Key comparative findings:
- Hybrid ANN/SNN models may not fully exploit accumulation-only hardware if ANN MACs are dominant.
- ESN reservoir sparsity yields dramatic reductions in effective operation counts compared to dense LSTM baselines.
4. Benchmarking Guidelines, Reporting, and Reproducibility
Standardized procedures are enforced to ensure experimental rigor and result reproducibility:
- Dataset Preprocessing: Benchmarks require fixed train/validation/test splits, download scripts, and standardized encoding (e.g., MFCC, time surfaces) built into the harness.
- Network Architecture Documentation: Layer types, time constants, threshold/reset dynamics, and other biophysical parameters for spiking models must be precisely declared.
- Analytic Reporting: Static metrics (e.g., parameter counts, sparsities) must be derived analytically from model definition.
- Reproducibility Best Practices: Random seed fixation, documented data shuffling, open-source code publishing (PyTorch, snnTorch, SpikingJelly), harness-based metric automation, and transparent hyperparameter search methodologies are required.
5. System Track: Task Classes, Scenarios, and Harness Implementation
System Track Task Scenarios:
- Offline/server (batched throughput, latency)
- Single-stream (batch=1, latency focus)
- Real-time (continuous deadline tracking, e.g., ≥90% in-stride)
- Optimization (time/energy to achieve solution quality, e.g., in QUBO optimization)
Benchmarks (v1.0 examples):
- Acoustic Scene Classification (real-time DCASE, power and latency measured)

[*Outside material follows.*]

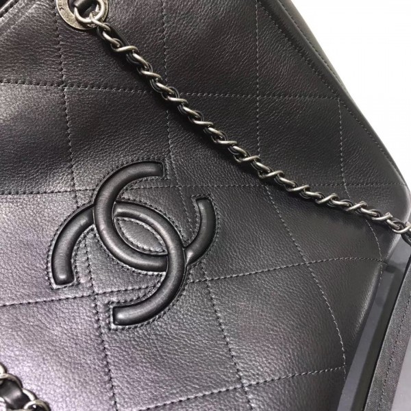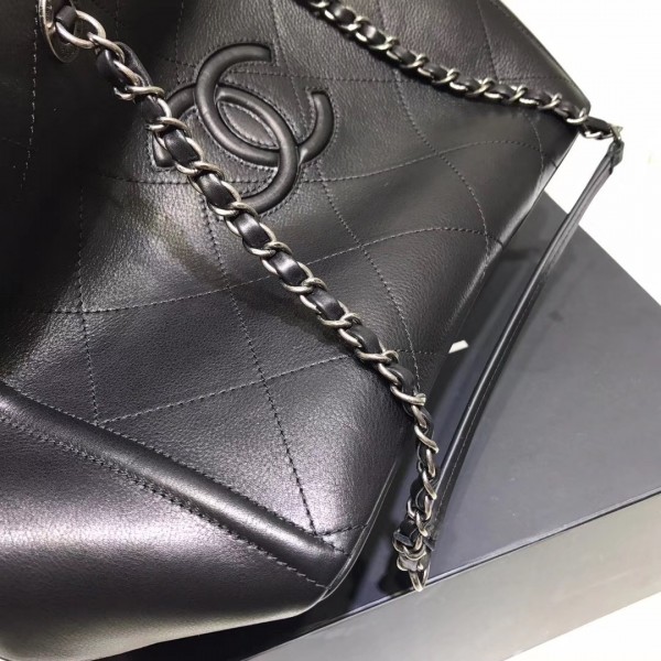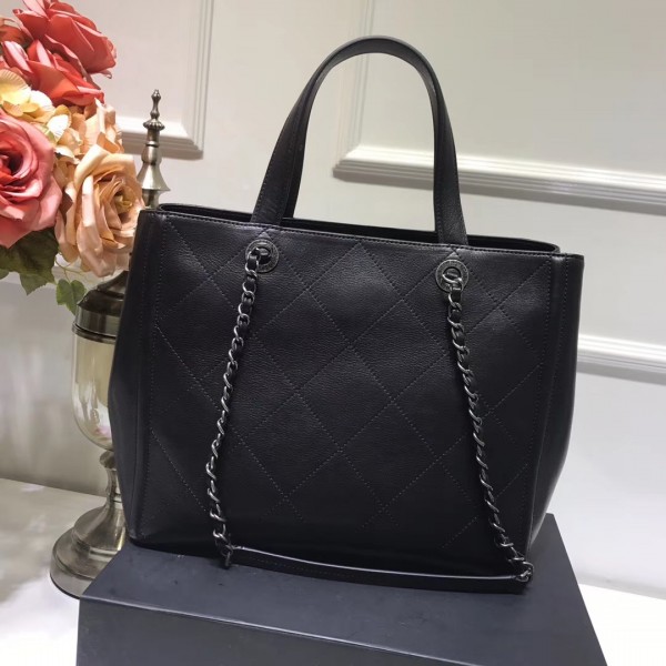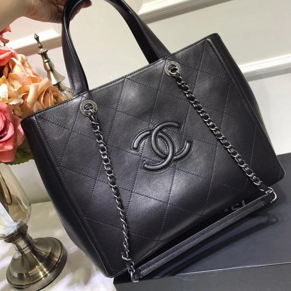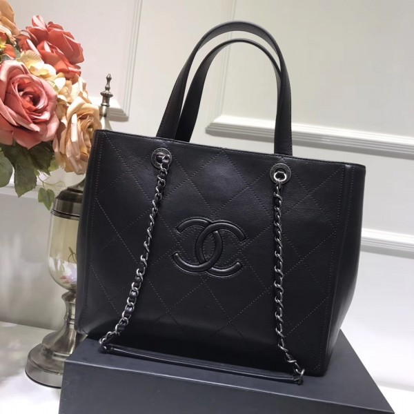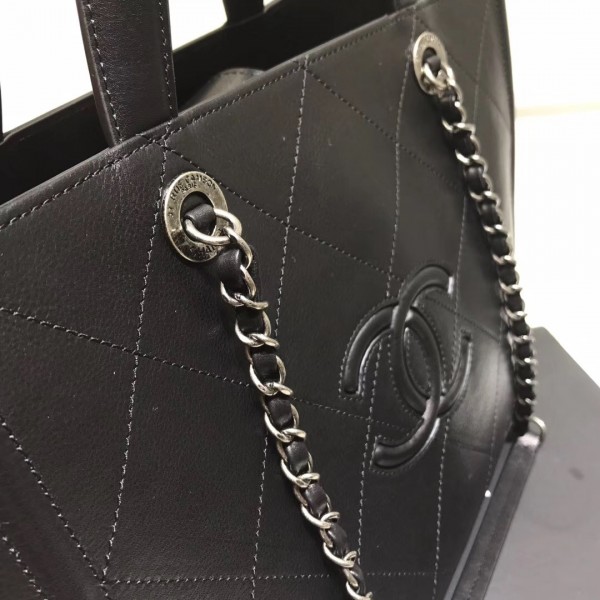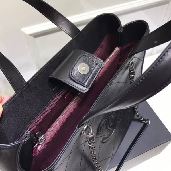 Chanel Quilting CC Logo Shopping Tote Bag Black/Silver 2019 AQ03459

- QUBO Optimization (time/energy to a binary quadratic optimality threshold across varying graph instances)
Harness Design:
- Top-level API selectable for algorithm versus system tracks.
- ONNX/NIR-based model IRs enable cross-platform deployment.

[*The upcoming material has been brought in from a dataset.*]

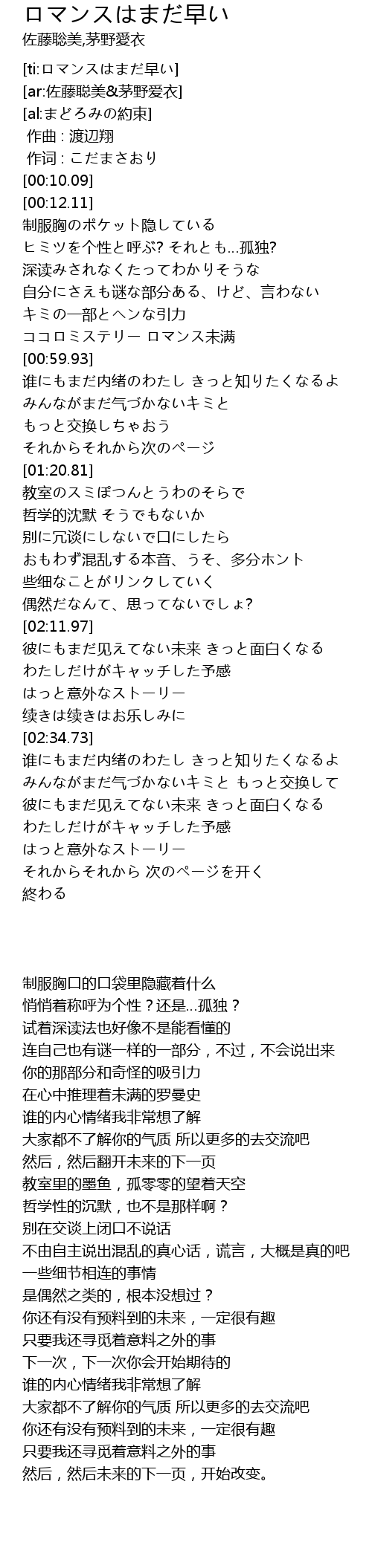 | [00:51.12] | ココロミステリー ロマンス未满 |

- Modular hardware-specific backends directly interface with data I/O, energy/latency metrology, and deployment scripts.
6. Open Governance, Extension, and Community Contribution
NeuroBench supports a formal proposal→discussion→review→release cycle for new benchmarks, tasks, and hardware backends. Task submission requires dataset definitions, I/O mapping, and correctness metric specification, assessed for coverage, interest, and harness compatibility. Accepted contributions become part of versioned benchmark releases and are integrated into the public leaderboard.

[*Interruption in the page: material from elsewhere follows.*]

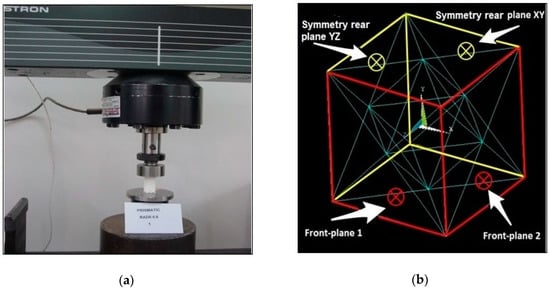 Each specimen was manufactured in accordance with Section 6.2 of the ASTM D695-02a standard [30]. It was prismatic in shape, with its length being twice its principal width. Initially, the dimensions were 10 × 10 × 20 mm3. However, when the elastic modulus is desired, the test specimen should be of such dimensions that the slenderness ratio is in the range from 11 to 16. In this case, the preferred specimen sizes were 10 × 10 × 40 mm3 (Figure 1c and Equations (2)–(5)).

7. Future Directions and Outstanding Challenges
Identified priority areas for benchmark evolution include:
- Continuous-Time and Analog Extensions: Defining operations and rate metrics for event-driven or analog-domain neuromorphic execution.
- Closed-Loop and Embodied Evaluation: Introducing online control, robotic, and sensorimotor loop benchmarks for direct assessment of latency-adaptive, energy-constrained intelligence.
- Emerging Hardware Modalities: Expanding support for memristive crossbars, photonic neuromorphic processors, spintronics, and heterogeneous SoC platforms, with attention to platform-specific performance and robustness metrics.
- Standardized Power and Energy Reporting: Refining real-time energy protocols for board-level measurements, establishing robust methods for scaling up to system-level (rack/cluster) evaluation.
In sum, NeuroBench supplies a unified “lingua franca” for quantitative evaluation and comparative co-design across diverse neuromorphic approaches, thereby enabling rapid, rigorous progress toward scalable, energy-efficient, and real-time brain-inspired computation (Yik et al., 2023).